- **Records to use**

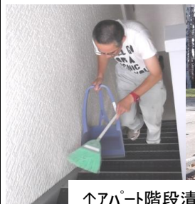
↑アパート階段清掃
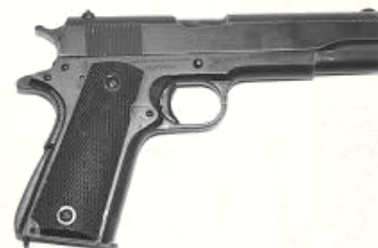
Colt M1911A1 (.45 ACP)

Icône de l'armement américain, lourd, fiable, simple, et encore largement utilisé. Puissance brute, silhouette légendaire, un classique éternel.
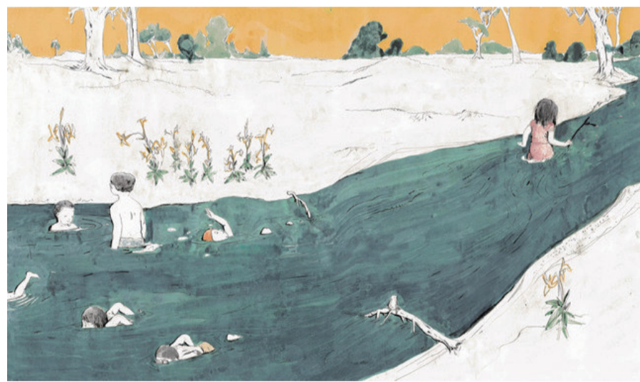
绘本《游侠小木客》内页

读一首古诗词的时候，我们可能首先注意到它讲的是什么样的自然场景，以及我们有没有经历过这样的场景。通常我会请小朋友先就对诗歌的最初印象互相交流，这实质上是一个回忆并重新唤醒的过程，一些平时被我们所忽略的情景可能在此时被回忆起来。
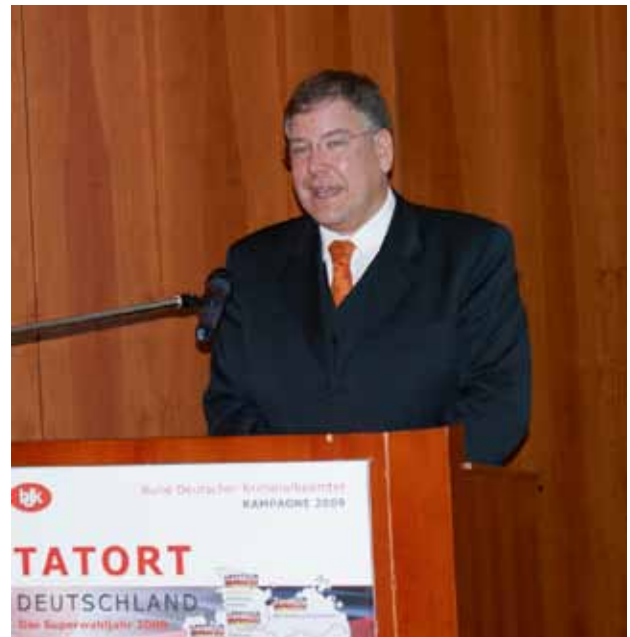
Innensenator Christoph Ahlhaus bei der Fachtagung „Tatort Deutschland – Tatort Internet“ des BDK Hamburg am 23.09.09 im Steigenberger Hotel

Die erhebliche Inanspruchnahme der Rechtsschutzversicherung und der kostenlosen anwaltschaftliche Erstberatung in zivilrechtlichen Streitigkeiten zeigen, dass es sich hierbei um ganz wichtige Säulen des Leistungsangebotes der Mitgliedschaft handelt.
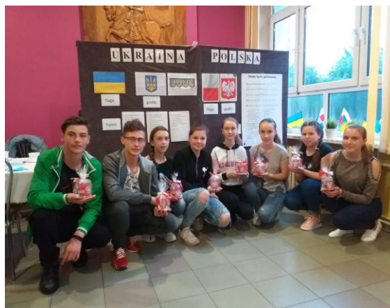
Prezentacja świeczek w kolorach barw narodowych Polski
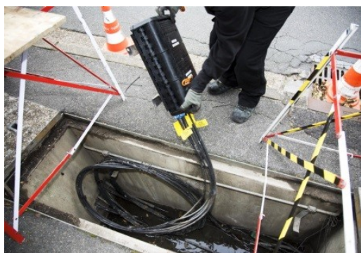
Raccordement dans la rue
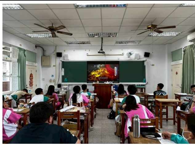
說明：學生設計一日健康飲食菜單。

--

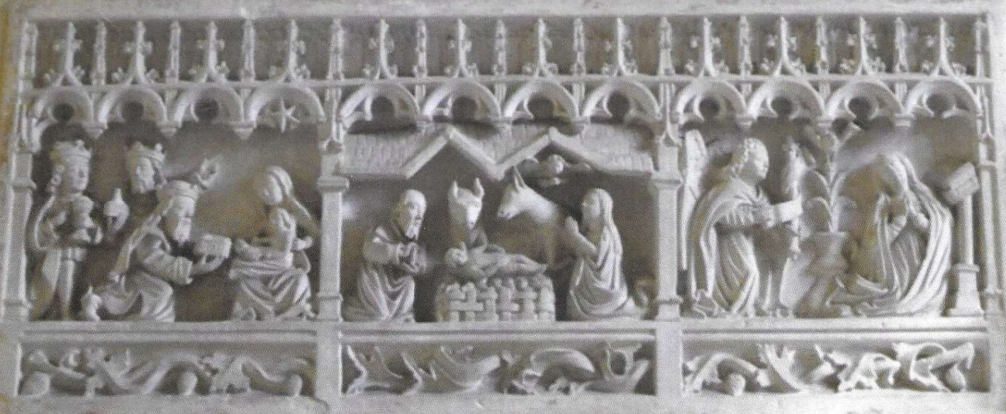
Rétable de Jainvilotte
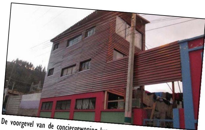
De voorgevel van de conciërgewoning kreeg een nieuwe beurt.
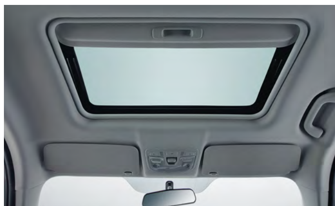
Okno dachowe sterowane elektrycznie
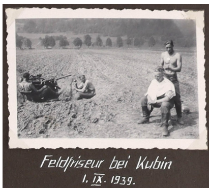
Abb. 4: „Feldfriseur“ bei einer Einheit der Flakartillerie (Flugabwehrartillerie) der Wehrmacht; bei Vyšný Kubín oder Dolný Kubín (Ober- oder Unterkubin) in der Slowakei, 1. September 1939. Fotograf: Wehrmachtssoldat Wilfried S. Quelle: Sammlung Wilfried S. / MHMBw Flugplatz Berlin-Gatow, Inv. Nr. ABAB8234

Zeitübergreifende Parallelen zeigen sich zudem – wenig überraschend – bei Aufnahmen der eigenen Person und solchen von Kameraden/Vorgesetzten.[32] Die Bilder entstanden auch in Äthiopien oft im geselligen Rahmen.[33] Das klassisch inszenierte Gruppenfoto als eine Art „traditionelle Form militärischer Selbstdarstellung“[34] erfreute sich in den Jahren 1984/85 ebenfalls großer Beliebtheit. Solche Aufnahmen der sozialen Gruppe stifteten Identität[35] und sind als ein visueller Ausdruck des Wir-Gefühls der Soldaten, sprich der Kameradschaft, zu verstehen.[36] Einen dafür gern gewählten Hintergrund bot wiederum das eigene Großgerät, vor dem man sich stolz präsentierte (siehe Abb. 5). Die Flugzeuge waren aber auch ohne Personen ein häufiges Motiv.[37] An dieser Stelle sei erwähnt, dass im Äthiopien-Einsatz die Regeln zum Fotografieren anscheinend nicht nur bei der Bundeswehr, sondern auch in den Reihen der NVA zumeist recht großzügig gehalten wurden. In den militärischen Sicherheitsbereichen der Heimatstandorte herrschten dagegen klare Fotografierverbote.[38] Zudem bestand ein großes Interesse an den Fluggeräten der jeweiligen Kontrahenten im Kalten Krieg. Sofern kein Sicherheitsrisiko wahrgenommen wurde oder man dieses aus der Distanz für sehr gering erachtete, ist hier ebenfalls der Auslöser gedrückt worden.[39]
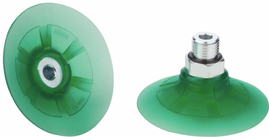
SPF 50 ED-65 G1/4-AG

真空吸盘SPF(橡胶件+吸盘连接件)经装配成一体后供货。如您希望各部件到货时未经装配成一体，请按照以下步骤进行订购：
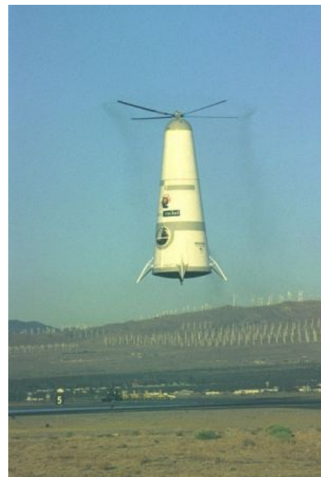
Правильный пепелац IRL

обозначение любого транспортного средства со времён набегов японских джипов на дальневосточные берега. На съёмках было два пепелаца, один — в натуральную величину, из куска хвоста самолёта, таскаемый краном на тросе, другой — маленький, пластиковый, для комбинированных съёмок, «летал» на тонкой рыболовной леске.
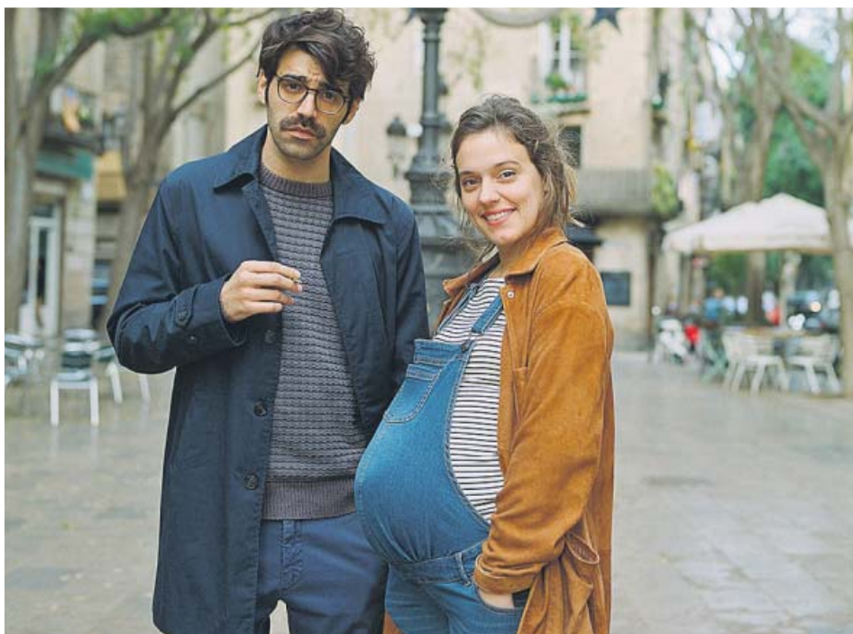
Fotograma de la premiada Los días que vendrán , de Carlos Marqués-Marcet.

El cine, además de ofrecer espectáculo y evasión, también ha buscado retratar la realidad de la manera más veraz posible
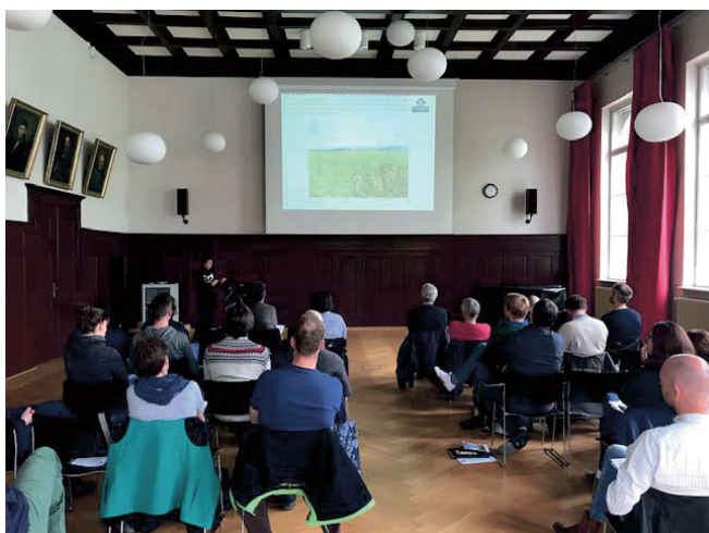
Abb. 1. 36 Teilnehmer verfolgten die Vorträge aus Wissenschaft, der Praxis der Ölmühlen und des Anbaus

- **Your assignment**
Using the data above, transcribe exactly the lines between those containing "Правильный пепелац IRL" and "Abb. 1. 36 Teilnehmer", inclusive, and leave every picture behind.

- **Reply to the exercise**
Правильный пепелац IRL

обозначение любого транспортного средства со времён набегов японских джипов на дальневосточные берега. На съёмках было два пепелаца, один — в натуральную величину, из куска хвоста самолёта, таскаемый краном на тросе, другой — маленький, пластиковый, для комбинированных съёмок, «летал» на тонкой рыболовной леске.
Fotograma de la premiada Los días que vendrán , de Carlos Marqués-Marcet.

El cine, además de ofrecer espectáculo y evasión, también ha buscado retratar la realidad de la manera más veraz posible
Abb. 1. 36 Teilnehmer verfolgten die Vorträge aus Wissenschaft, der Praxis der Ölmühlen und des Anbaus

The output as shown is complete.